The task ->
Here are the records. Write out exactly the lines between the one holding "材料を入れて煮るだけでできる" and the one holding "Colorblock Vrolijk Steelt", inclusive.

Provided data ->

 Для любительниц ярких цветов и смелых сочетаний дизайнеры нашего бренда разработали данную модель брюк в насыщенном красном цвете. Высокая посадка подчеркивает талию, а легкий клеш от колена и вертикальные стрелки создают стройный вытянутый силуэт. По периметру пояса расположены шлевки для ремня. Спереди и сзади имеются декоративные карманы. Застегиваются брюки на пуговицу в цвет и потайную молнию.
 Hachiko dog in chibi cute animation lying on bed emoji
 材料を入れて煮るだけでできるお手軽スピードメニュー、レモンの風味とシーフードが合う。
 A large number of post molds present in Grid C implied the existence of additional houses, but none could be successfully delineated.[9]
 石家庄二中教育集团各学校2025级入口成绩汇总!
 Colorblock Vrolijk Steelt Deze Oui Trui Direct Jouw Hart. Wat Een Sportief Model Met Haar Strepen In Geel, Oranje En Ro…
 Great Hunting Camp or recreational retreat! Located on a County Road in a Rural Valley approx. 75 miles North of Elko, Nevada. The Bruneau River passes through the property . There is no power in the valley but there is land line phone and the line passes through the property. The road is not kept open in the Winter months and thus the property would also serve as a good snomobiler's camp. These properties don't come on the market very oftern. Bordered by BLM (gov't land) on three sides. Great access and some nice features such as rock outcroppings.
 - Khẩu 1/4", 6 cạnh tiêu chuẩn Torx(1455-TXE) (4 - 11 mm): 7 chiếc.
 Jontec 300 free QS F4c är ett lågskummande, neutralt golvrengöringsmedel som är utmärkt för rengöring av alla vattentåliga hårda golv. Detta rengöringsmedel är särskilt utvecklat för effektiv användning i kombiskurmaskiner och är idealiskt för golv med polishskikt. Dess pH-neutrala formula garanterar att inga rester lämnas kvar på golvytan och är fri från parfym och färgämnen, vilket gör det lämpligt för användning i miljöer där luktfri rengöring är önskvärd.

Task result ->
 材料を入れて煮るだけでできるお手軽スピードメニュー、レモンの風味とシーフードが合う。
 A large number of post molds present in Grid C implied the existence of additional houses, but none could be successfully delineated.[9]
 石家庄二中教育集团各学校2025级入口成绩汇总!
 Colorblock Vrolijk Steelt Deze Oui Trui Direct Jouw Hart. Wat Een Sportief Model Met Haar Strepen In Geel, Oranje En Ro…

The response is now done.